### WORK TO BE COMPLETED
Once the line holding "wipelia Chen Ji" is found in the entries below, transcribe exactly every line up to and including the one holding "展廳中,一件名為《站臺(tá", but leave out the pictures.

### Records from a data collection
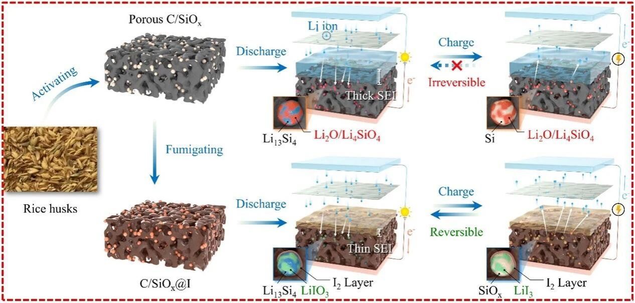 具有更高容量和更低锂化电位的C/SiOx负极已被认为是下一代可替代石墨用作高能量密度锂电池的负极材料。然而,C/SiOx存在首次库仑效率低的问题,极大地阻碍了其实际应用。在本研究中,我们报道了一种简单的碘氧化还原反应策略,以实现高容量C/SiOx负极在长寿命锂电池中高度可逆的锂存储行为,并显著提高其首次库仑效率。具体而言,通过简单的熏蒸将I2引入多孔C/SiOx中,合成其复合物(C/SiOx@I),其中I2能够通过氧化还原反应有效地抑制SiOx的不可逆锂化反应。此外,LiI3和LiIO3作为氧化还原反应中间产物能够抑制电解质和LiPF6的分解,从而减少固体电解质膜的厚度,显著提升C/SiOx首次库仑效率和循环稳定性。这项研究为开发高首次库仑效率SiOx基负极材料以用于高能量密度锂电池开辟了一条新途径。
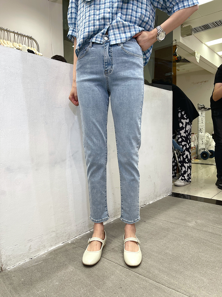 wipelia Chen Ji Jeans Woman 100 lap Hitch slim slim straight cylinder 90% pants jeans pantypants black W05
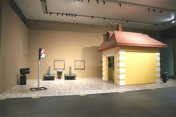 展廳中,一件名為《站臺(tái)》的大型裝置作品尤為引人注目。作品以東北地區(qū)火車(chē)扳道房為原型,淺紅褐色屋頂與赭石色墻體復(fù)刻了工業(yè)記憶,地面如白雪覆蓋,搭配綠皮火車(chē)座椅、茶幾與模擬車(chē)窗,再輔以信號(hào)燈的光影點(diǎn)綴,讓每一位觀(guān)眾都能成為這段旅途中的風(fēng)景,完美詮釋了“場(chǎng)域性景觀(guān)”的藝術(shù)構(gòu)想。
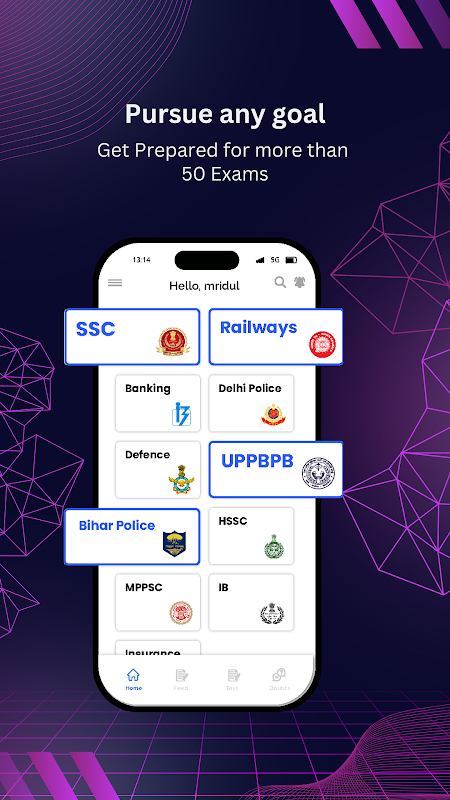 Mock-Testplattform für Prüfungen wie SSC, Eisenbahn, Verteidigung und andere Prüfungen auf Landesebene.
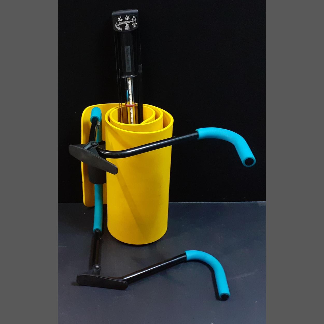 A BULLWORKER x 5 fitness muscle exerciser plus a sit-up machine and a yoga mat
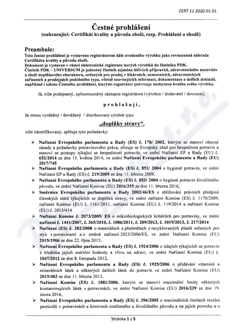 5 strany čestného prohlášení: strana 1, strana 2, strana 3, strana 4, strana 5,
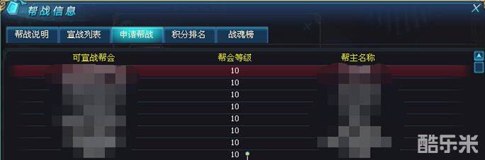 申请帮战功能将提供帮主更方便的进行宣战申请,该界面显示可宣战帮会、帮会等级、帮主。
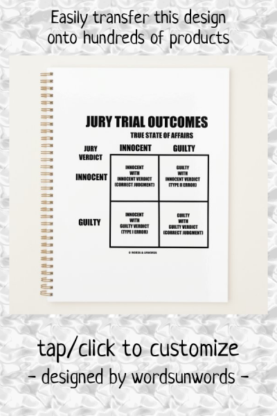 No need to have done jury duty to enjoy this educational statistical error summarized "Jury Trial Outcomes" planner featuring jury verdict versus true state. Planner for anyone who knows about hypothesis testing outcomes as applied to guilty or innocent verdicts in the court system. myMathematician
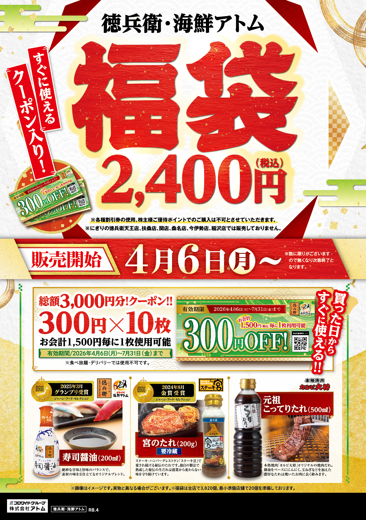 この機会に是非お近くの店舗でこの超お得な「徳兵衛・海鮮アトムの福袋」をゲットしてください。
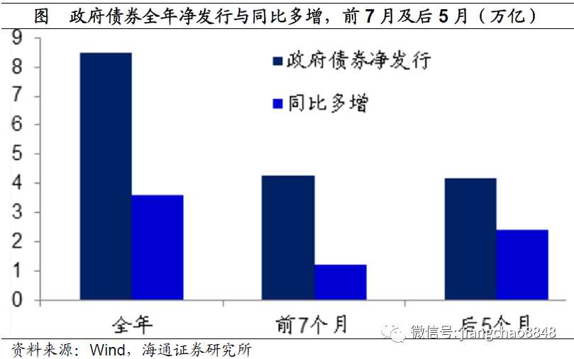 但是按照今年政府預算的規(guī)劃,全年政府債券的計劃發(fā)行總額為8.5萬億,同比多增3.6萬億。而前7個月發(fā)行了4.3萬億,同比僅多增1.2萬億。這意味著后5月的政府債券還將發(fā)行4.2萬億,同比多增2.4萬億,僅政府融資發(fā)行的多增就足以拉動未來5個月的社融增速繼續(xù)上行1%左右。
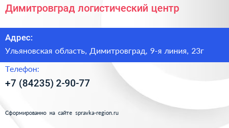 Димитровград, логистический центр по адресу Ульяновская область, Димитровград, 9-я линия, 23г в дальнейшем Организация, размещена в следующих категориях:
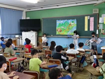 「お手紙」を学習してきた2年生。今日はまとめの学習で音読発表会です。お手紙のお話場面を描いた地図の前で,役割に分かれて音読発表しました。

### REPLY
 wipelia Chen Ji Jeans Woman 100 lap Hitch slim slim straight cylinder 90% pants jeans pantypants black W05
 展廳中,一件名為《站臺(tái)》的大型裝置作品尤為引人注目。作品以東北地區(qū)火車(chē)扳道房為原型,淺紅褐色屋頂與赭石色墻體復(fù)刻了工業(yè)記憶,地面如白雪覆蓋,搭配綠皮火車(chē)座椅、茶幾與模擬車(chē)窗,再輔以信號(hào)燈的光影點(diǎn)綴,讓每一位觀(guān)眾都能成為這段旅途中的風(fēng)景,完美詮釋了“場(chǎng)域性景觀(guān)”的藝術(shù)構(gòu)想。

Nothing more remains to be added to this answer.